There is also a Digital Newsstand with live screenshots of all the sources. I can scroll through that to get the headlines.

https://webshuffle.mickschroeder.com/newsstand/


👤 peanutcrisis
Jerry Coyne's blog: https://whyevolutionistrue.com/

👤 mrjay42
For french speakers, and they have some of their content in English, and automated translation is always possible: https://www.mediapart.fr/ https://en.wikipedia.org/wiki/Mediapart

Medipart is one of the only medias in France (there is only 1 other I can think of) that is NOT owned by private interests, a network, a billionaire, or many billionaires or millionaires. It is funded by its subscribers And above all else, it does investigative journalism which actually led MANY times ministers and other powerful people to justice.

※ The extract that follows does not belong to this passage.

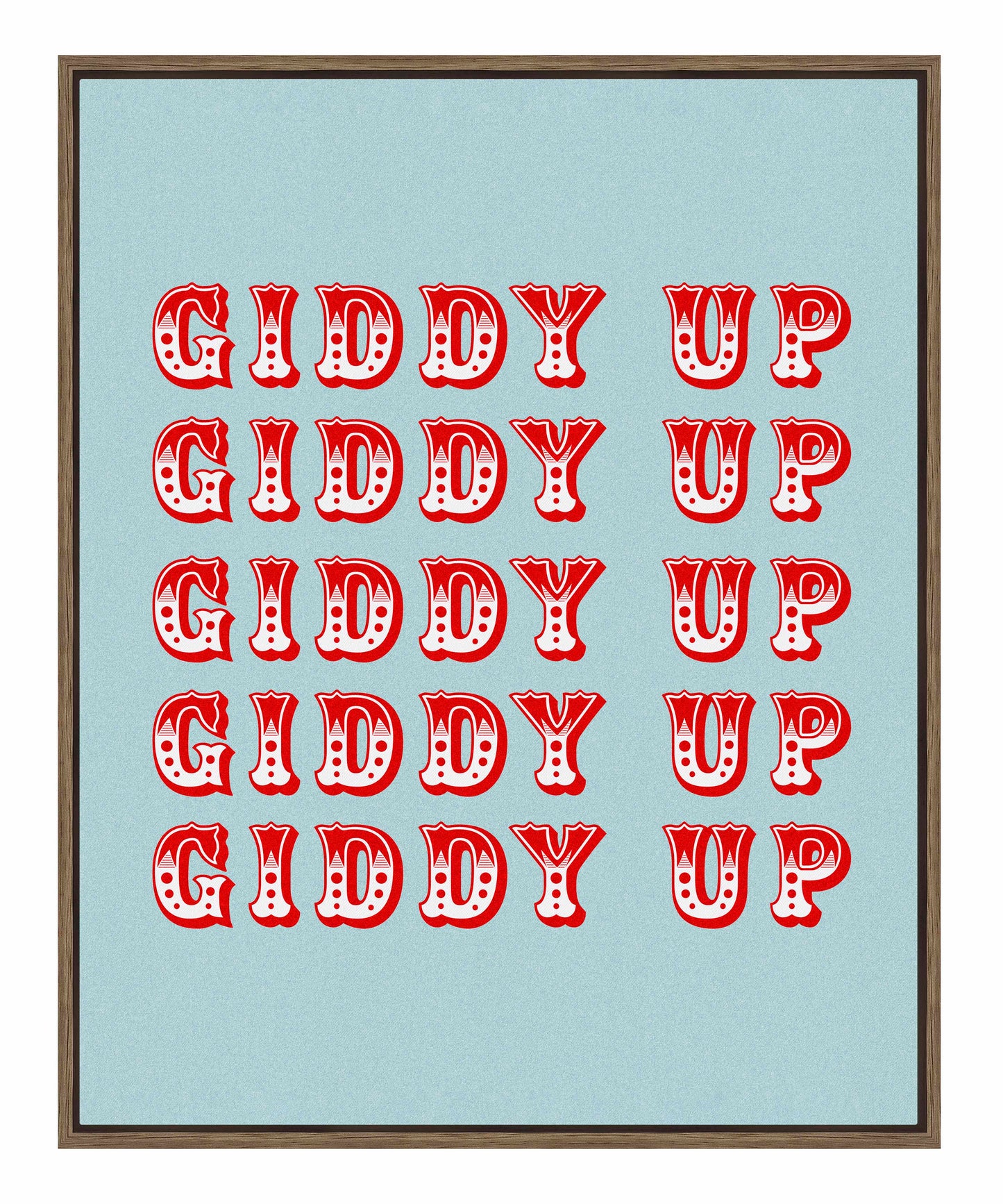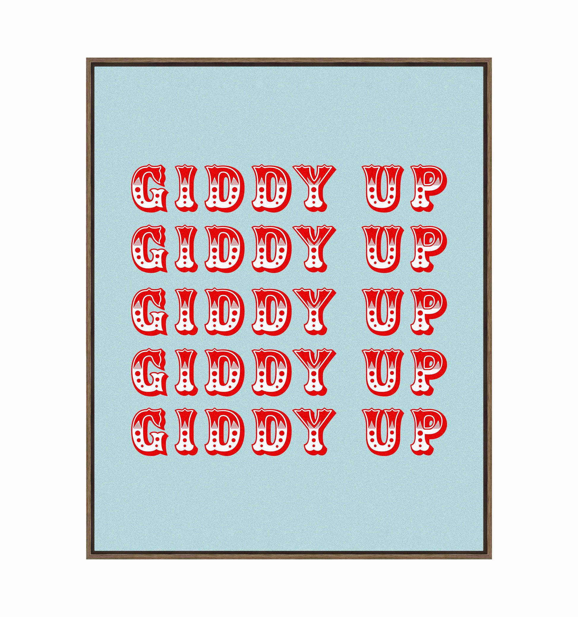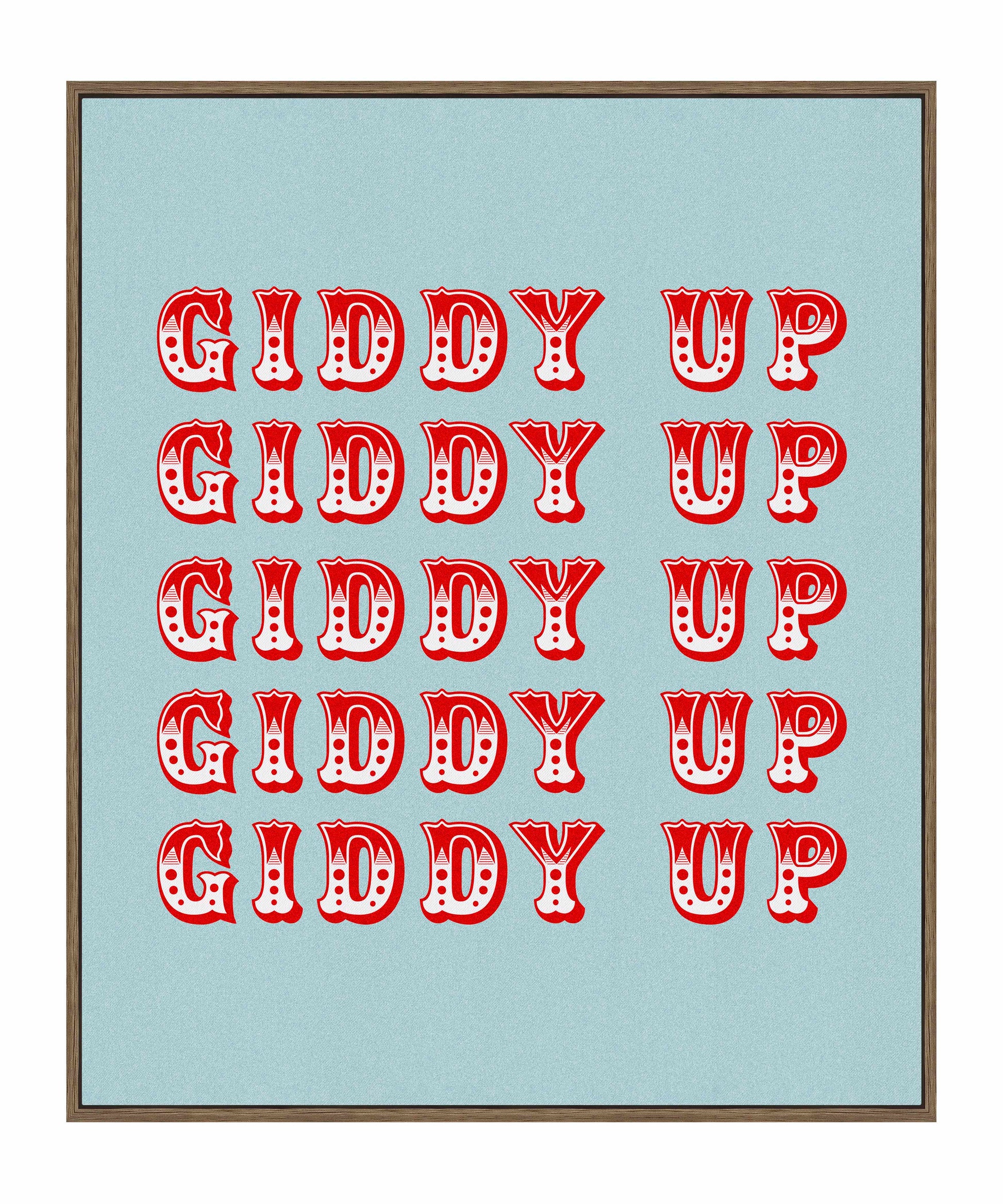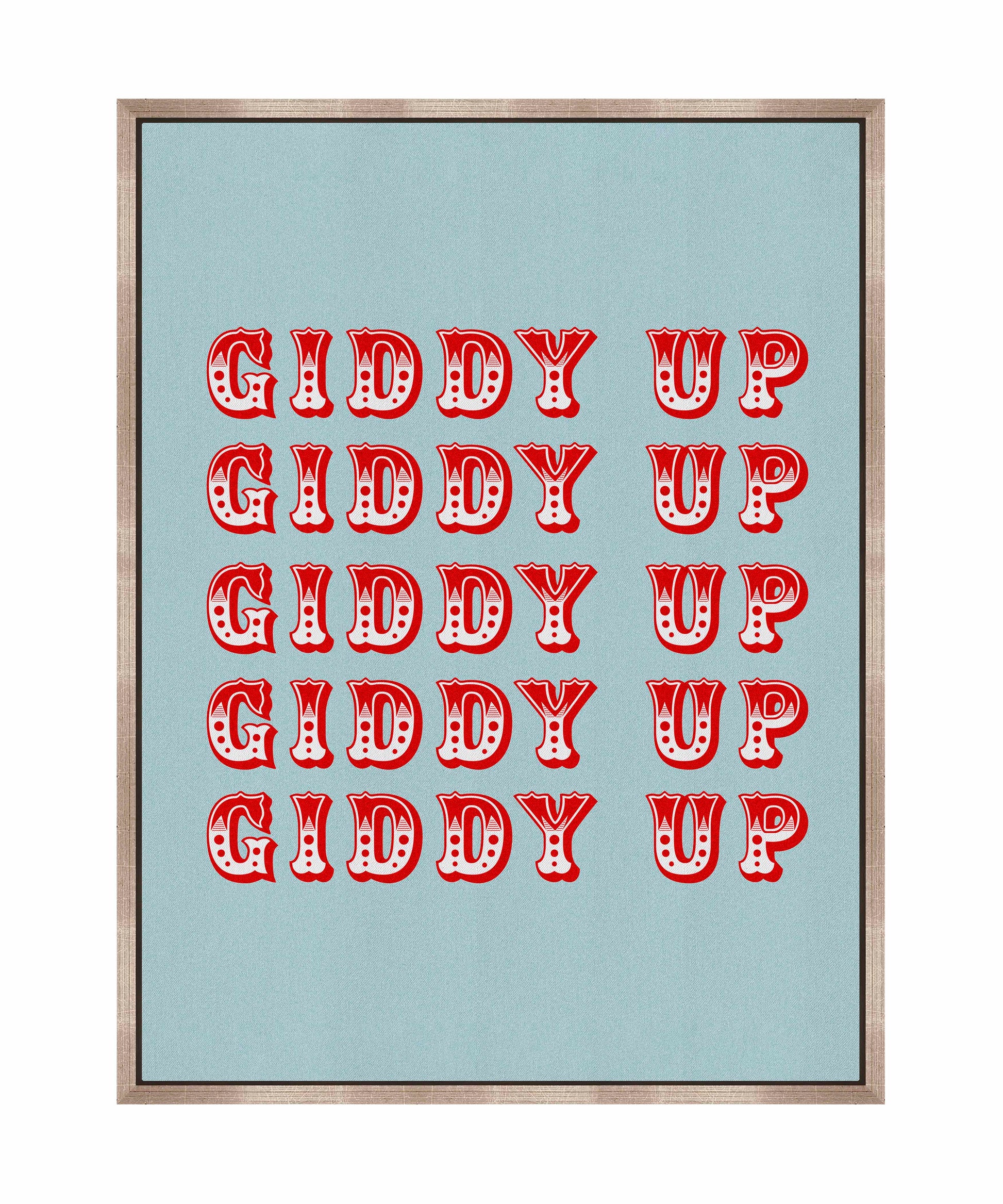 The repetition of the text creates a rhythmic visual pattern, reinforcing the feeling of action and forward momentum—much like the call to "giddy up" in the context of riding horses. Set against a cool, pale blue background, the red typography pops off the canvas, drawing the viewer’s eye in and radiating enthusiasm. The retro, almost carnival-style lettering adds a fun, nostalgic vibe, making the work both visually engaging and lighthearted.
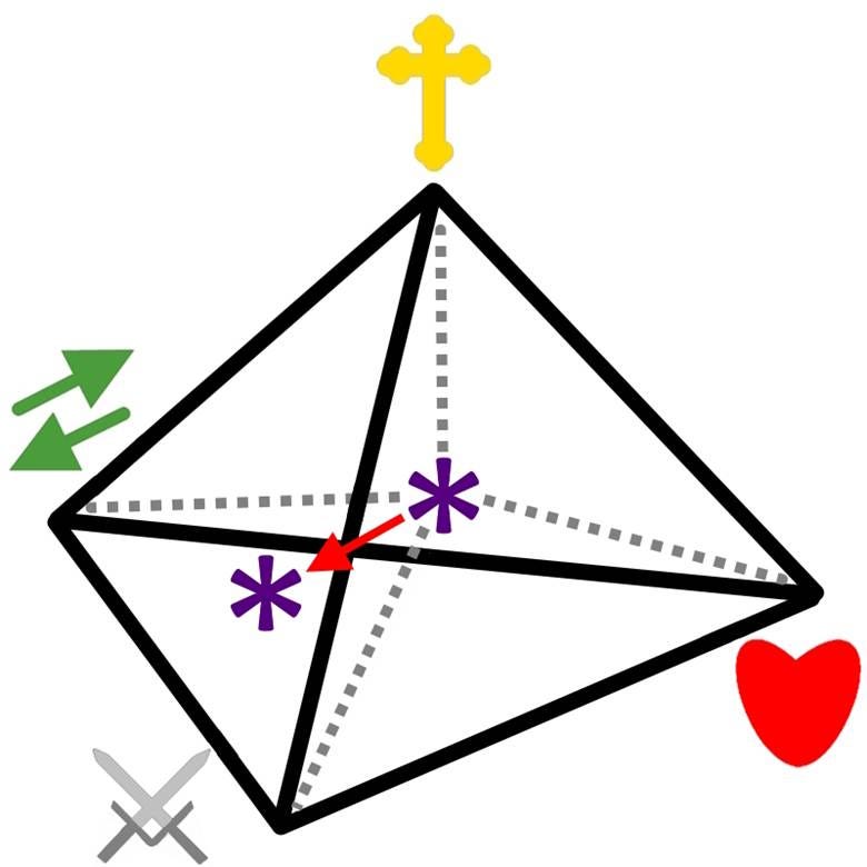 The best way to visualize these forces is to envision a four-corner pyramid as shown below. A 4-corner pyramid cannot stand if one corner is missing. The 4-corners must be in balance for the pyramid to stand upright. The same applies to civilization.

Never ever Mediapart has been wrong so far when building a case against a corrupted official. Every time French justice system followed the same conclusion as Medipart.

---

Otherwise as other mentioned: https://en.wikipedia.org/wiki/Portal:Current_events Which exists also in your own language!

---

And... https://theintercept.com/

Very well known for having revealed the documents sent by Reality Winner https://en.wikipedia.org/wiki/Reality_Winner https://en.wikipedia.org/wiki/Reality_Winner#Role_of_The_Int...


👤 runjake


👤 epirogov
reddit ukraine war report

👤 giantg2
Hacker News

Although I guess it's not so much a source but just an aggregation.